Enri Tafaj

Personal information
- Date of birth: 22 May 1989 (age 36)
- Place of birth: Tirana, Albania
- Position: Defender

Youth career
- 2005–2007: KF Tirana

Senior career*
- Years: Team / Apps / (Gls)
- 2007–2009: Tirana / 1 / (0)
- 2009–2012: Kamza / 61 / (5)
- 2010: → Laçi (loan) / 0 / (0)
- 2012–2013: Tomori Berat / 13 / (0)
- 2013: Partizani Tirana / 8 / (0)
- 2013–2015: Dinamo Tirana / 40 / (1)

International career^{‡}
- 2007–2008: Albania U-19 / 0 / (0)

= Enri Tafaj =

Albanian footballer

Enri Tafaj (born 22 May 1989) is an Albanian professional footballer who plays as a midfielder.

==Club career==
Tafaj began his career in 2007 with KF Tirana after working his way up through the youth setup at the club. He joined up with the first team during the winter break in the 2006–07 season. He made his league debut with KF Tirana in round 32 of the 2006–07 Albanian Superliga season on 12 May 2007. The match was against Teuta Durres at the Niko Dovana Stadium. Tafaj started the game and played the whole 90 minutes.

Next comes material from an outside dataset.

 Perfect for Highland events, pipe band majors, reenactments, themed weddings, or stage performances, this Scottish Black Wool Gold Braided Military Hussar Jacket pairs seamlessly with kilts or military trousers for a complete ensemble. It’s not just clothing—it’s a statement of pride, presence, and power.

He made no further Superliga appearances for Tirana, and in January 2009 he joined KS Dajti on loan for the rest of the season to gain experience.

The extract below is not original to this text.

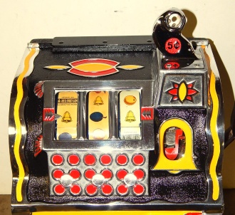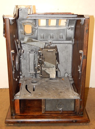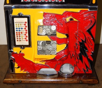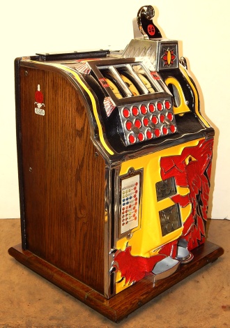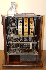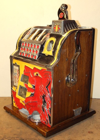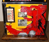 1932 Mills Lion Head 5 cent. Restored back to it's original colors. "Polished not plated". Original cashbox, original metal reel strips, award card, back door with lock and key. The only thing that is not original on the machine is the paint and decal, plating of the handle and coin head. Plays very easy and pays as it should.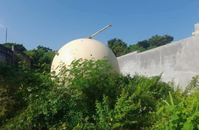 El hombre dijo que es una bola metálica que anteriores administraciones del lugar colocaron en el terreno, sin embargo, debido a la falta de mantenimiento, se encuentra casi cubierta por maleza.

He then moved to FC Kamza, as KS Dajti had been renamed. He spent the early part of the 2010–11 season on loan at Laçi, but played only once, in a 7–1 defeat in the second leg of the Europa League first qualifying round match against Dnepr Mogilev. In the 2011–12 Superliga season, Tafaj played regularly for Kamza. He scored only once, a late consolation in a 2–1 defeat at Pogradeci. He took part in the relegation "play-out", as Kamza lost to Besa Tavaje to return to the First Division after just one season.

Tafaj returned to pre-season training with Kamza, but joined Superliga side Tomori Berat before the start of the 2012–13 season, where he was converted from midfielder to defender.

==International career==
Tafaj was called up to the Albania under-19 team for the Slovakia Cup tournament in April and May 2007, and also played twice in qualifying for the UEFA under-19 championships. In October 2008, he was called up to the Albania under-21 team to face their Macedonian counterparts, but took no part in the match.